## WORK TO COMPLETE
Write the lines below out exactly, dropping each picture.

Records from a dataset
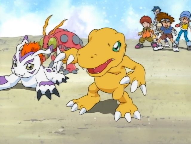 或许是因为体型的大小不同,古加兽用自己的手臂一下子就将数码宝贝们给打了下来,第一个勇敢站起身来的,是亚古兽。
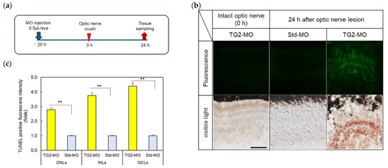 The inhibition of TG2 expression induced neuronal apoptosis in the retina after optic nerve lesions: (a) Timeframe for the administration of TG2-MO (morpholino) or standard MO (Std-MO), the occurrence of optic nerve lesion, and sample collection. (b) The detection of apoptotic cells in the retina 24 h after ONLs through MO administration. Optic nerve crush after the intraocular injection of TG2-specific MO resulted in a marked disruption of the structure of the retinal layer and a significant increase in apoptosis TUNEL-positive cells (FITC fluorescence-positive cells in the upper panel and the red-colored cells in the lower panel). Scale bar = 50 μm. (c) Apoptotic cells were quantified by analyzing fluorescence intensity versus Std-MO control. Data are expressed as the mean ± SEM of five independent experiments and analyzed using one-way ANOVA, followed by Scheffe’s multiple-comparison test. Statistical significance was set at ** p < 0.01. ONLs, outer nuclear layers; INLs, inner nuclear layers; GCLs, ganglion cell layers.
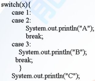 2. 一 Java 程式片段如下,當 x 數值為何時會印出"B"?(A)2(B)0(C)1(D)3。
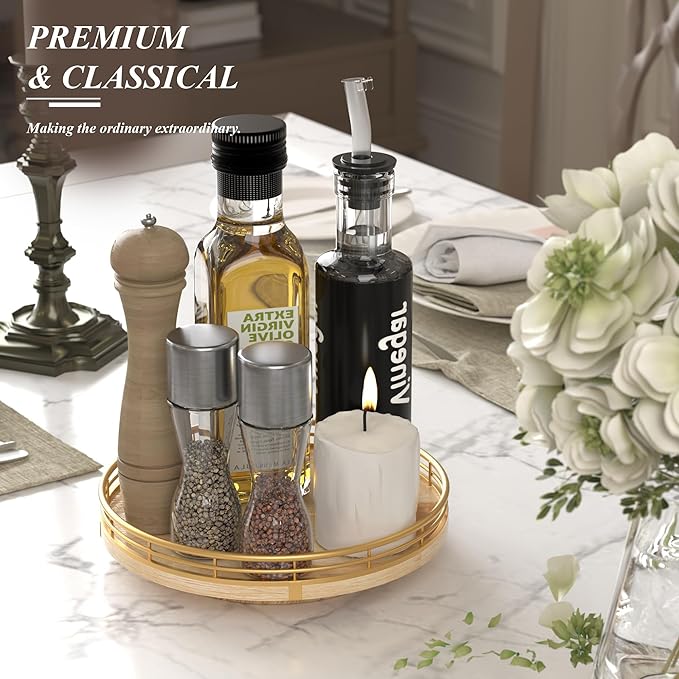 - ððððððððð ððð:This lazy susan is enough to be used nearly anywhere, perfect in the kitchen, cabinets, dining room, office, etc. on your kitchen or dining table for organizing condiments, napkins, decor, candles. Easily reach all your medicine, spices, canned goods in your pantry. Next to your stove, hold all the essentials essences, bowls, greenery, and a butter dish. Good idea for the office desk and craft room to organize. Keep your coffee stuff perfect at your coffee station.
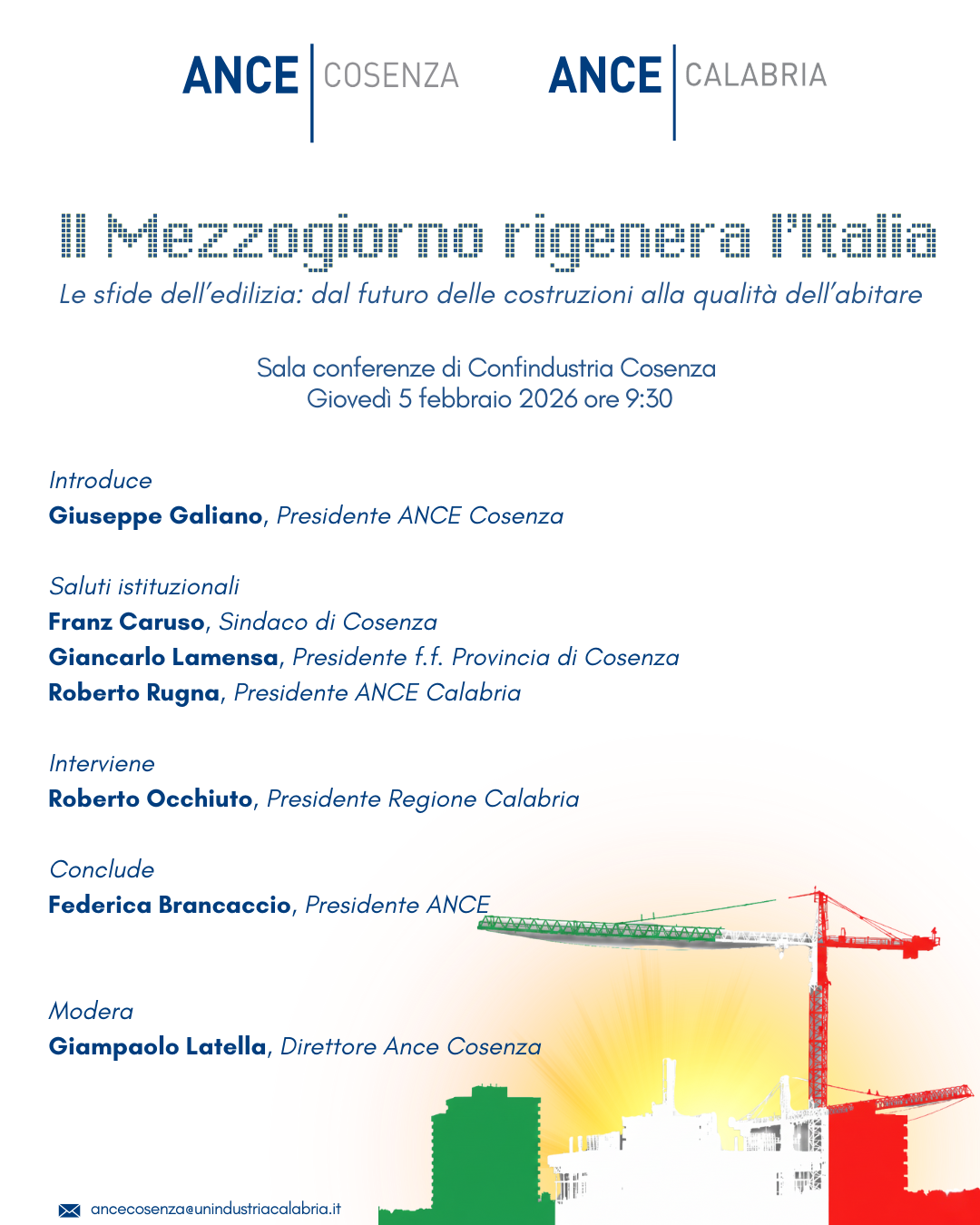 Ance Cosenza e Ance Calabria – Il Mezzogiorno rigenera l’Italia. Le sfide dell’edilizia: dal futuro delle costruzioni alla qualità dell’abitare
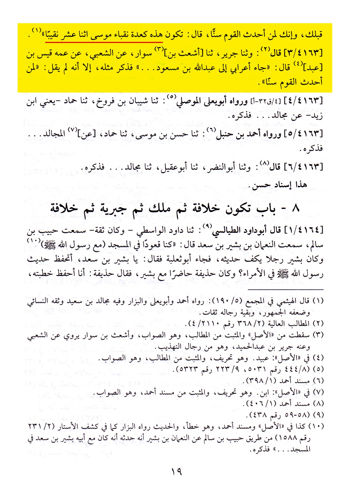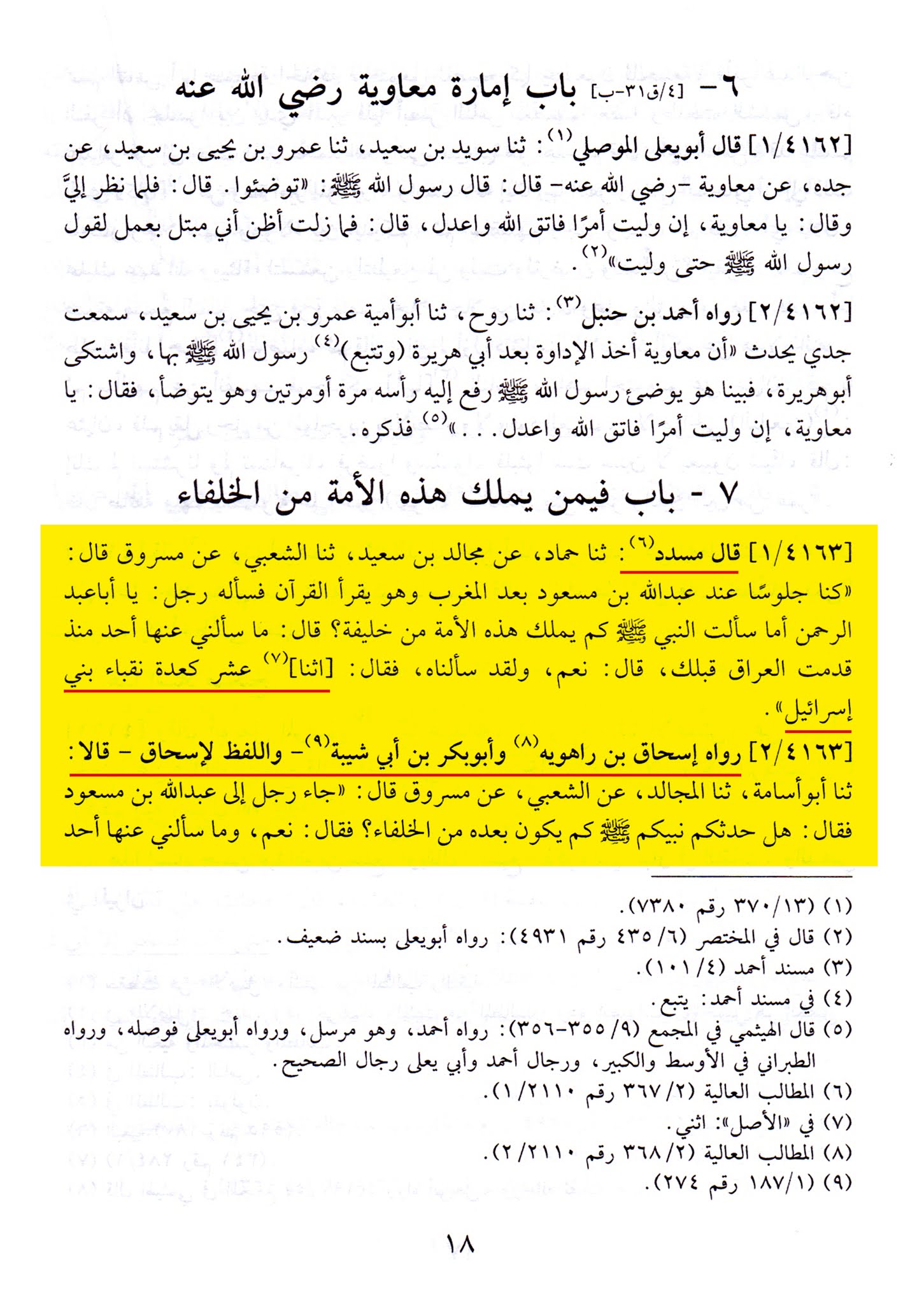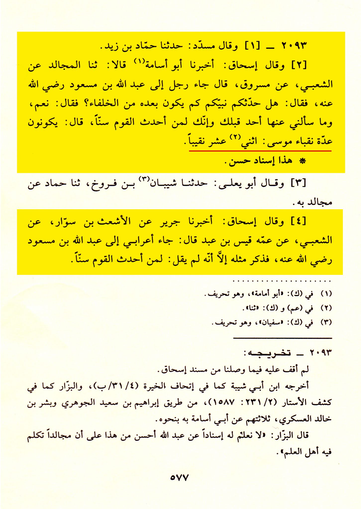 ونقله عن مسند إسحاق بن راهويه الحافظُ البوصيريّ في كتابه (إتحاف الخيرة المهرة بزوائد المسانيد العشرة)، قال: (قال مسدد: ثنا حماد، عن مجالد بن سعيد، ثنا الشعبي، عن مسروق قال: كنا جلوساً عند عبد الله بن مسعود بعد المغرب وهو يقرأ القرآنفسأله رجل: يا أبا عبد الرحمن، أما سألتَ النبي - صلى الله عليه وسلم - كم يملك هذه الأمة من خليفة؟ قال: ما سألني عنها أحد منذ قدمتُ العراق قبلك، قال: نعم، ولقد سألناه، فقال: اثنا عشر كعدة نقباء بني إسرائيل.
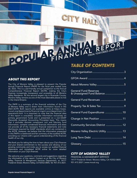 Page 2 - 2023 Moreno Valley Popular Annual Financial Report
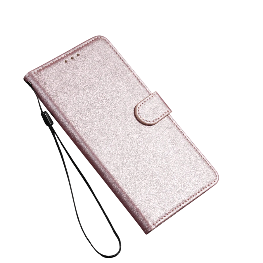 Elegante hoes ter bescherming van de telefoon met opbergruimte voor kaarten, magnetische sluiting, standaard en praktische handriem. Volledige beschrijving

## RESPONSE BOX
 或许是因为体型的大小不同,古加兽用自己的手臂一下子就将数码宝贝们给打了下来,第一个勇敢站起身来的,是亚古兽。
 The inhibition of TG2 expression induced neuronal apoptosis in the retina after optic nerve lesions: (a) Timeframe for the administration of TG2-MO (morpholino) or standard MO (Std-MO), the occurrence of optic nerve lesion, and sample collection. (b) The detection of apoptotic cells in the retina 24 h after ONLs through MO administration. Optic nerve crush after the intraocular injection of TG2-specific MO resulted in a marked disruption of the structure of the retinal layer and a significant increase in apoptosis TUNEL-positive cells (FITC fluorescence-positive cells in the upper panel and the red-colored cells in the lower panel). Scale bar = 50 μm. (c) Apoptotic cells were quantified by analyzing fluorescence intensity versus Std-MO control. Data are expressed as the mean ± SEM of five independent experiments and analyzed using one-way ANOVA, followed by Scheffe’s multiple-comparison test. Statistical significance was set at ** p < 0.01. ONLs, outer nuclear layers; INLs, inner nuclear layers; GCLs, ganglion cell layers.
 2. 一 Java 程式片段如下,當 x 數值為何時會印出"B"?(A)2(B)0(C)1(D)3。
 - ððððððððð ððð:This lazy susan is enough to be used nearly anywhere, perfect in the kitchen, cabinets, dining room, office, etc. on your kitchen or dining table for organizing condiments, napkins, decor, candles. Easily reach all your medicine, spices, canned goods in your pantry. Next to your stove, hold all the essentials essences, bowls, greenery, and a butter dish. Good idea for the office desk and craft room to organize. Keep your coffee stuff perfect at your coffee station.
 Ance Cosenza e Ance Calabria – Il Mezzogiorno rigenera l’Italia. Le sfide dell’edilizia: dal futuro delle costruzioni alla qualità dell’abitare
 ونقله عن مسند إسحاق بن راهويه الحافظُ البوصيريّ في كتابه (إتحاف الخيرة المهرة بزوائد المسانيد العشرة)، قال: (قال مسدد: ثنا حماد، عن مجالد بن سعيد، ثنا الشعبي، عن مسروق قال: كنا جلوساً عند عبد الله بن مسعود بعد المغرب وهو يقرأ القرآنفسأله رجل: يا أبا عبد الرحمن، أما سألتَ النبي - صلى الله عليه وسلم - كم يملك هذه الأمة من خليفة؟ قال: ما سألني عنها أحد منذ قدمتُ العراق قبلك، قال: نعم، ولقد سألناه، فقال: اثنا عشر كعدة نقباء بني إسرائيل.
 Page 2 - 2023 Moreno Valley Popular Annual Financial Report
 Elegante hoes ter bescherming van de telefoon met opbergruimte voor kaarten, magnetische sluiting, standaard en praktische handriem. Volledige beschrijving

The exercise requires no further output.